The 1972 United States presidential election in New York took place on November 7, 1972. All 50 states and the District of Columbia, were part of the 1972 United States presidential election. Voters chose 41 electors to the Electoral College, which voted for President and Vice President.

New York was won by incumbent Republican President Richard Nixon, who succeeded in securing re-election against Democratic Senator George McGovern of South Dakota. Nixon ran with Vice President, and former Maryland Governor, Spiro Agnew for vice president, and McGovern ran with United States Ambassador Sargent Shriver for vice president. In the midst of a nationwide Republican landslide, Nixon took 58.54% of the vote in New York State to McGovern's 41.21%, a margin of 17.34%. New York weighed in for this election as more Democratic than the national average by about 6%.

Nearly all counties in New York State turned out for Nixon, and only the New York City boroughs of Manhattan, Brooklyn and the Bronx voted for McGovern. McGovern was able to win New York City overall with his victories in these three boroughs, taking two-thirds of the vote in Manhattan and also winning majority votes in Brooklyn and the Bronx. However, Nixon was able to put in a relatively strong performance citywide, winning 56% of the vote in Queens and 74% of the vote in Staten Island. 1972 remains the last election in which a Republican presidential nominee has won any New York City borough other than Staten Island, Queens being a heavily populated county that was historically key to Republican competition in New York. This was also the last election in which a Republican presidential nominee has won the upstate counties of Erie County, where the city of Buffalo is located, and Albany County, where the state capital of Albany is located, as well as in turn, the last Republican to win every county of upstate New York. Both of these counties have become solidly Democratic in the years that have followed.

The presidential election of 1972 was an extremely partisan election for New York, with 99.75% of the electorate voting either Republican or Democrat. Having delivered as President a period of relative economic stability and growth, and showing promising movements towards peace in Vietnam, Nixon was able to gain reelection with electors from every State in the U.S., except Massachusetts and the District of Columbia. The Vietnam War continued to be a strong issue during this election, with both candidates declaring desire to end the conflict.
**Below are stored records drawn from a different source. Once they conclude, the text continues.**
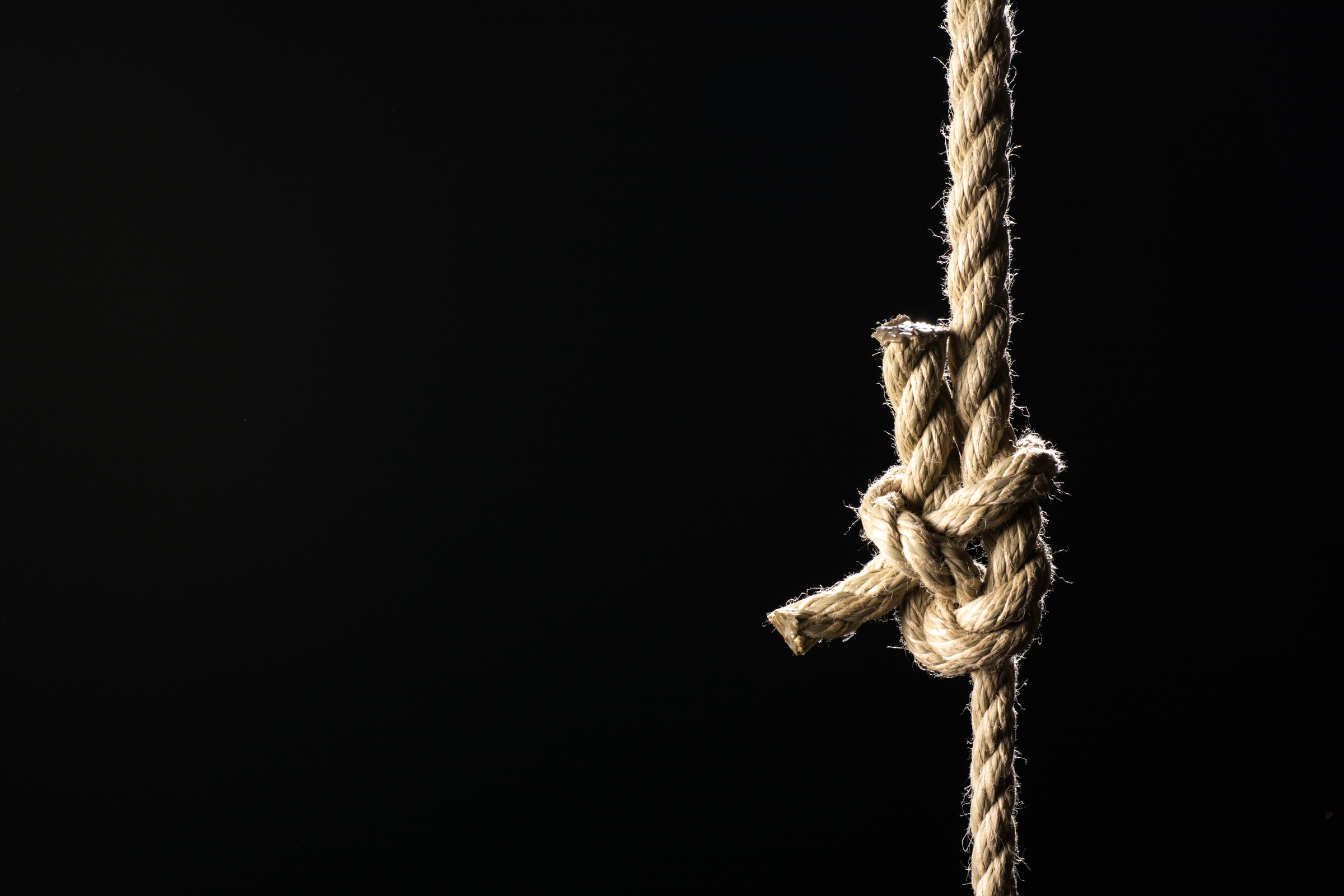 Der Knoten wurde mit zwei naturfarbenen Seilen gemacht; er steht unter Zug; das Fotos bietet Raum für Text
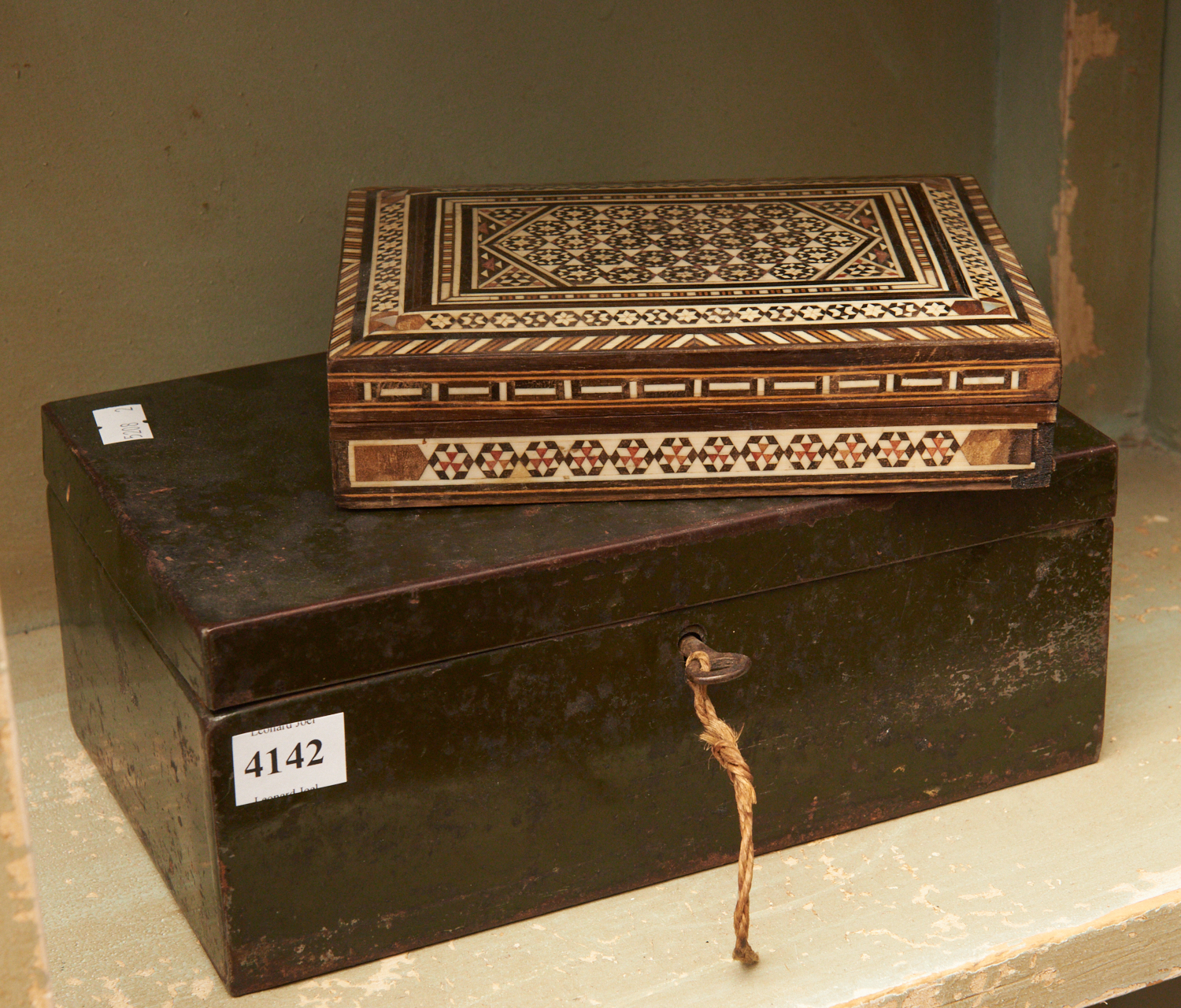 A VINTAGE CASH TIN TOGETHER WITH INLAID BOX, LEONARD JOEL LOCAL DELIVERY SIZE: SMALL
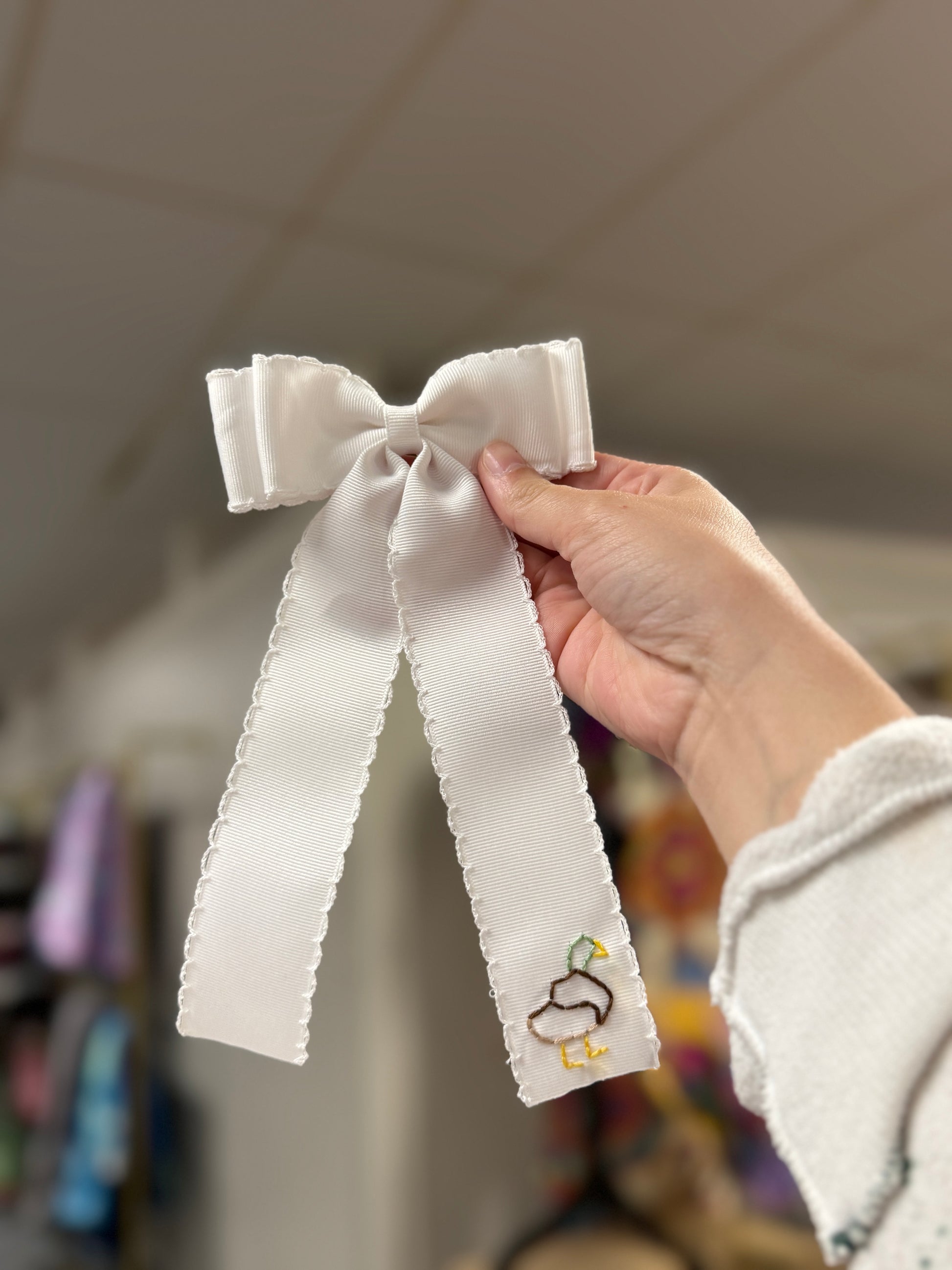 Long Tail Double Ribbon White Mallard Bow

This was the first election since 1808 in which New York did not have the largest number of electors in the Electoral College, having fallen to 41 electors versus California's 45 as a result of the 1970 census. It is also the only presidential election from 1952 onwards in which New York did not vote the same way as Massachusetts. As of the 2024 U.S. presidential election, this is the last time that New York state voted more Republican than Michigan, Wisconsin, and South Dakota, and the last time that Queens voted Republican in a presidential election.

==Campaign==
The number of votes cast on the Liberal Party of New York's ballot line declined by almost 60%.

1972 Liberal Party state committee presidential vote
| Party |  | Candidate | Votes | % | ±% |
|---|---|---|---|---|---|
|  | Liberal | George McGovern | 215 | 96.41% |  |
|  | Liberal | Benjamin Spock | 8 | 3.59% |  |
| Total votes |  |  | 223 | 100.00% |  |

==Results==

1972 United States presidential election in New York
| Party |  | Candidate | Votes | Percentage | Electoral votes |
|  | Republican | Richard Nixon | 3,824,642 | 53.40% |  |
|  | Conservative | Richard Nixon | 368,136 | 5.14% |  |
|  | Total | Richard Nixon (incumbent) | 4,192,778 | 58.54% | 41 |
|  | Democratic | George McGovern | 2,767,956 | 38.65% |  |
|  | Liberal | George McGovern | 183,128 | 2.56% |  |
|  | Total | George McGovern | 2,951,084 | 41.21% | 0 |
|  | Socialist Workers | Evelyn Reed | 7,797 | 0.11% | 0 |
|  | Communist | Gus Hall | 5,641 | 0.08% | 0 |
|  | Socialist Labor | Louis Fisher | 4,530 | 0.06% | 0 |
| Totals |  |  | 7,161,830 | 100.0% | 41 |

=== New York City results ===

Results by borough for the 1972 US presidential election in New York City.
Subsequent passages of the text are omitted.